■ WHAT YOU HAVE TO DO
Write the lines out again, from the top of the material to the line containing "Ngày hội Tuyển", pictures excluded.

Segment Start: SUPPLIED MATERIAL

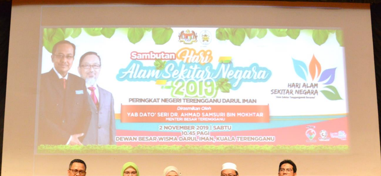
Majlis Perasmian Hari Alam Sekitar Negara Peringkat Negeri Terengganu Tahun 2019
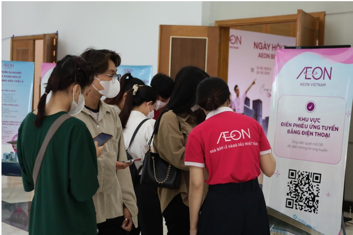
Ngày hội Tuyển dụng của Siêu thị AEON Bình Dương New City diễn ra vào 2 ngày 13 và 20 tháng 5 tại Thành phố Mới Bình Dương
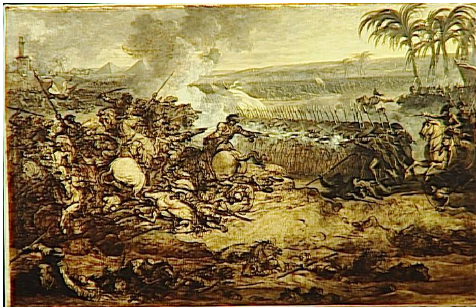
VINCENT François- André, La Bataille des Pyramides , 21 juillet 1789. Vers 1800, 80 x 125 cm France, Paris, Musée du Louvre.

Par ailleurs, afin d' exalter la « gloire nationale » , VINCENT propose d'augmenter la taille des œuvres et fait preuve d'un souci documentaire immense ; il sollicite même le Premier Consul pour obtenir des renseignements de première main « sur les mouvements des troupes, les vêtements des Mamelucs armés en guerre... ».

Segment End: SUPPLIED MATERIAL

■ RESULT OF THE TASK
Majlis Perasmian Hari Alam Sekitar Negara Peringkat Negeri Terengganu Tahun 2019
Ngày hội Tuyển dụng của Siêu thị AEON Bình Dương New City diễn ra vào 2 ngày 13 và 20 tháng 5 tại Thành phố Mới Bình Dương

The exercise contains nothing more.